Konzert 6 - Solodrumming: Spettro. Fritz Hauser Schlagzeug, Barbara Frey Regie, Brigitte Dubach Licht (Bild: Blindtext Blindtext)

Cecilia Bartoli als Aschenbrödel: Mit Gioachino Rossinis voller Ironie in den Alltag seiner Zeit gestelltem Märchen «La Ceneren­tola», halbszenisch dargeboten von den Musiciens du Prince aus dem Märchenstaat Monaco, endet am Sonntagabend das Lu­cerne Festival. Sehr passend, denn die insgesamt 78 Konzerte haben über vier Wochen das Thema «Kindheit» beleuchtet, haben auch Märchen erzählt und auch oft Kinder und Jugendliche einbezogen.

Zuletzt am Sonntagmorgen und -nachmittag mit «Heroïca» von Dan Tanson und Laura van Hal. In der Produktion von «Young Performance», empfohlen «für alle ab 7 Jahren», entern sieben junge Musikerinnen und Musiker die Bühne. Alle wollen die erste Geige spielen – und bringen so die Bühne zum Tanzen. Was für ein Vergnügen, um diesen letzten schönen Tag zu beginnen. Das Vergnügen mit Cecilia Bartolis Rossini steht dem um nichts nach.

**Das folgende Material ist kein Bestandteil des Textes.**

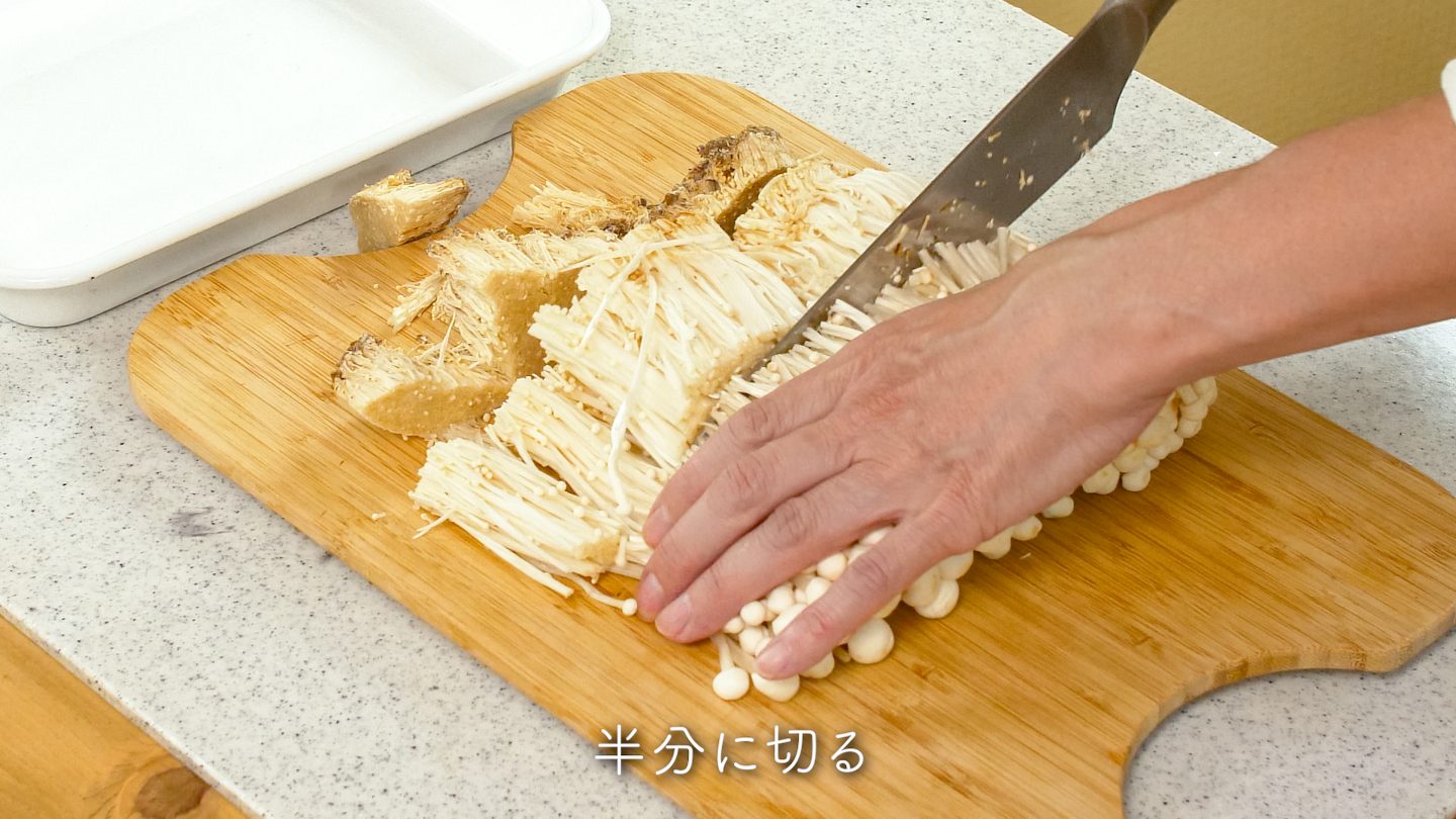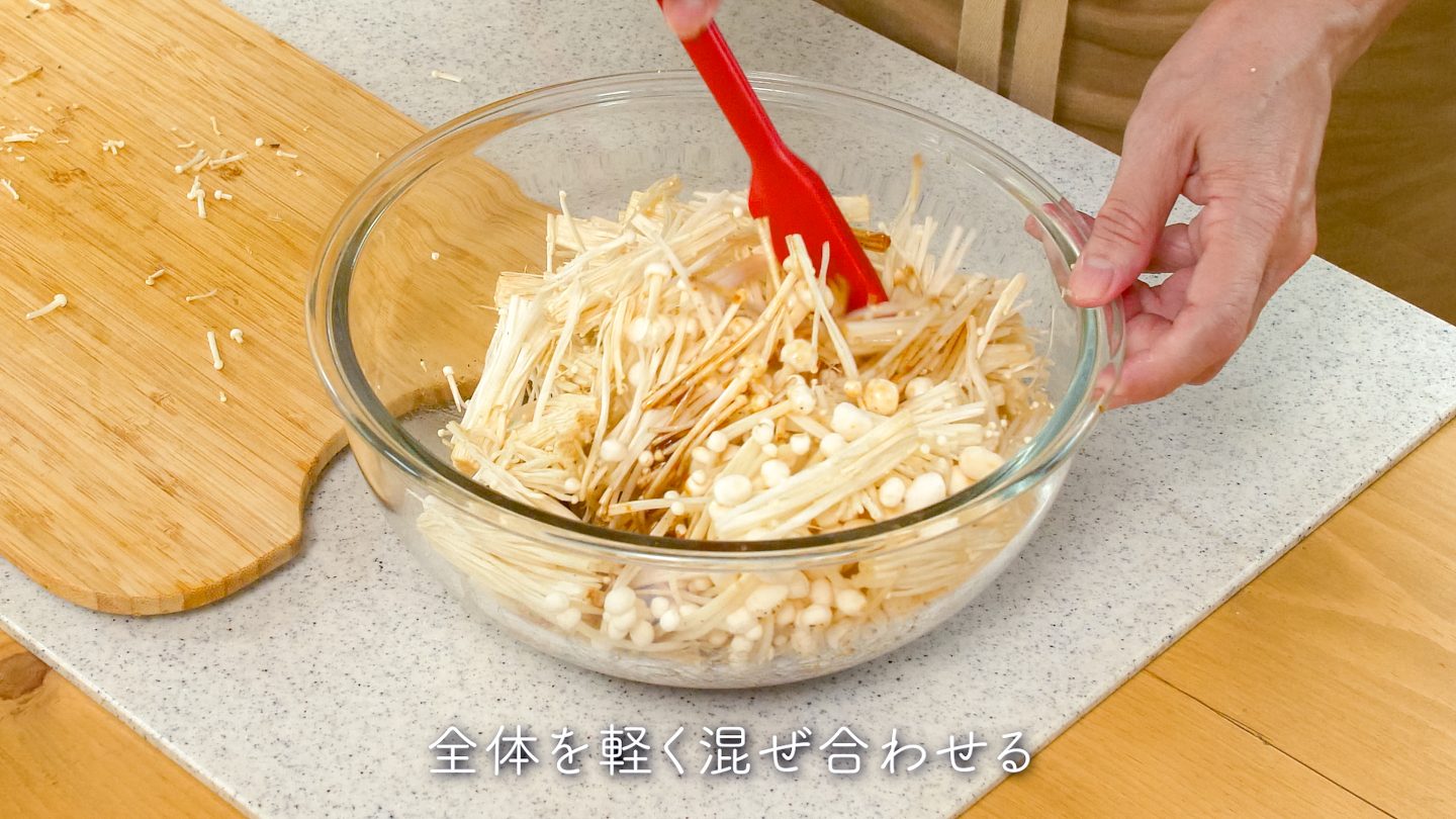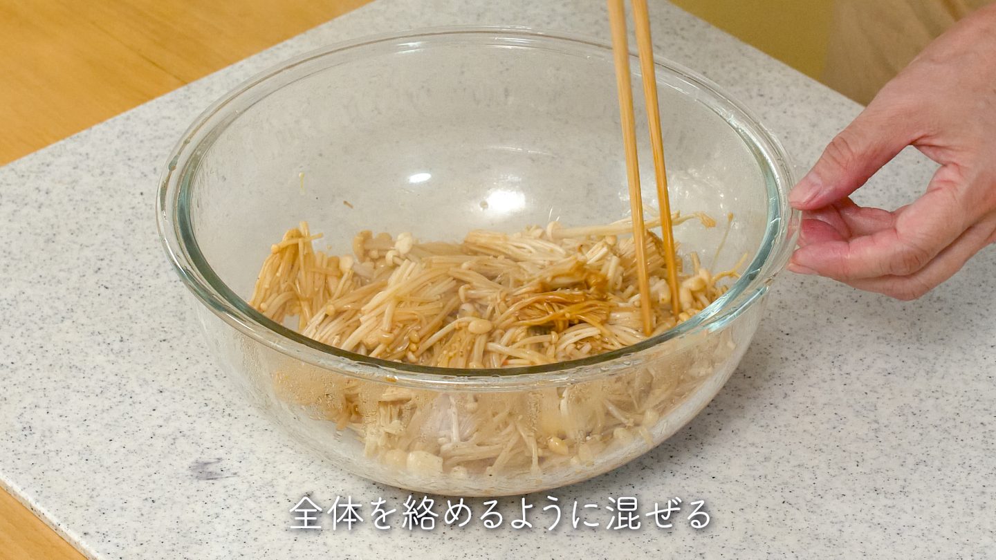 調味液にえのきだけを入れます。根本は手でほぐしながら入れ、全体を軽く混ぜ合わせましょう。
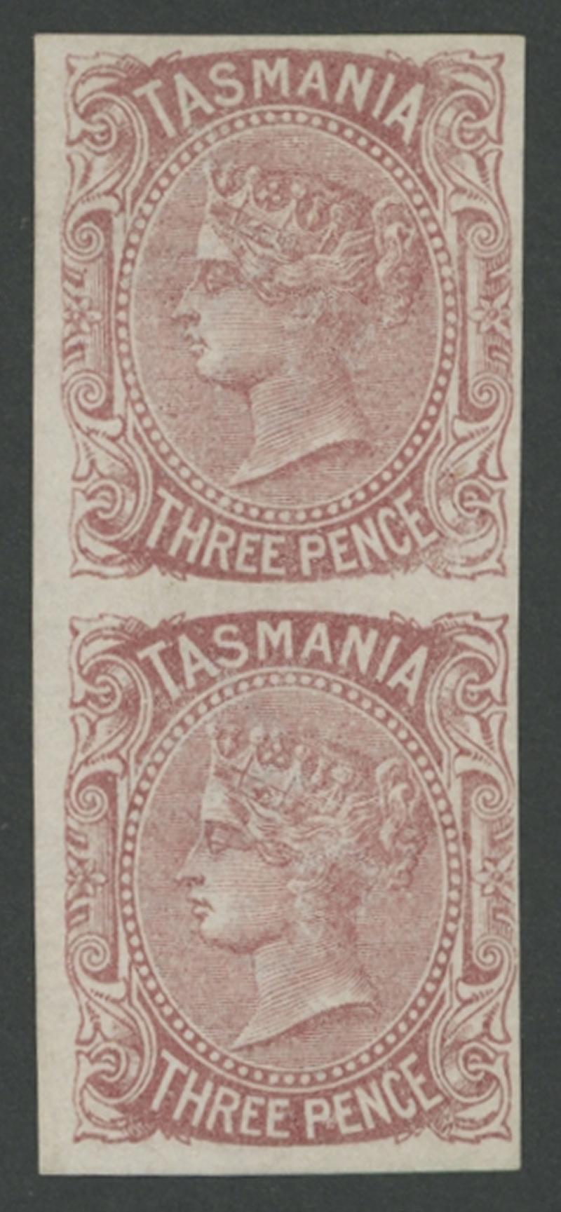 1880-91 QV Sidefaces Hobart Printings 'TAS'-without-lines Watermark Perf 11½ QV 3d red-brown vertical Imperforate Pair SG 161a,
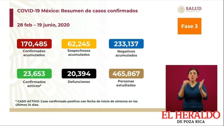 A tres semanas del inicio de la nueva normalidad, la transmisión del Covid-19 en México mantiene una tendencia elevada. El registro acumulado de casos llegó a los 170 mil 485, lo que representa 5 mil 30 nuevos casos notificados en las últimas 24 horas, mientras que los fallecimientos son ya 20 mil 394, con lo que se suman 647 nuevas notificaciones al reporte nacional de decesos confirmados por laboratorio.
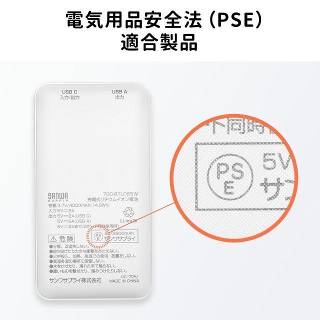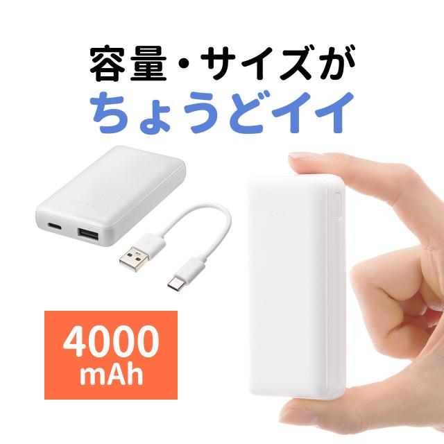 モバイルバッテリー 4000mAh 小型 軽量 Type-C×1 USB A×1 スマホ タブレット 機内持ち込み対応 PSE認証済み モバ充 ホワイト[700-BTL055W]
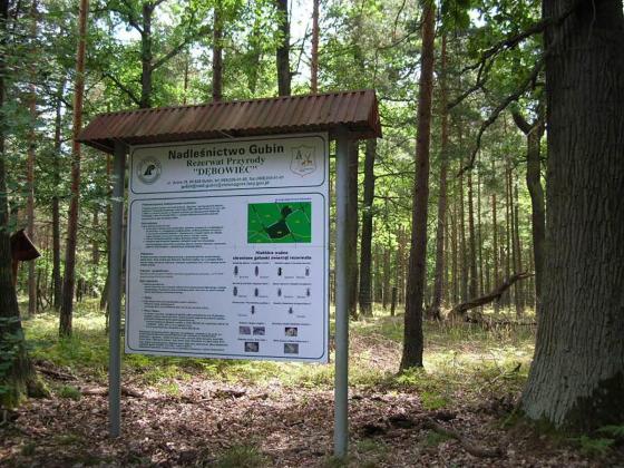 Im Verwaltungsgebiet der Oberförsterei Gubin liegen zwei Naturschutzgebiete: „Dębowiec" sowie „Uroczysko Węglińskie".

Béla Bartóks Liebe zu Stefi Geyer

Im Falle des Aschenbrödels siegt die Liebe über einen schlitzohrigen Vater und zwei hochnäsige Schwestern. Tags zuvor ist ein anderes Werk der Liebe erklungen: Im Sommer 1907 hat der junge Béla Bartók die Geigerin Stefi Geyer kennen gelernt und sie in seinen Briefen schockiert mit Bemerkungen wie: «Was ist die Seele? Die Funktion des Gehirns und des Nervensystems. Im Augenblick des Sterbens hört sie auf.» Die so unpassend Angebetete hat sich darauf weitere Zuschriften verbeten, aber doch noch einmal Post bekommen: Bartók hat ihr sein erstes Violinkonzert geschickt, eine tönende Liebeserklärung, die am Samstag unter den Händen von Gidon Kremer im ersten Satz zart und weich, im zweiten leicht und verspielt erklingt. Begleitet wird er dabei vom City of Birmingham Symphony Orchestra unter dem jungen Israeli Omer Meir Wellber, der nach der Pause Antonín Dvořáks Sinfonie Nr. 9 «Aus der Neuen Welt» derart intensiv (und mit derartigem Körpereinsatz) dirigiert, dass sich das Publikum zu Standing Ovations erhebt.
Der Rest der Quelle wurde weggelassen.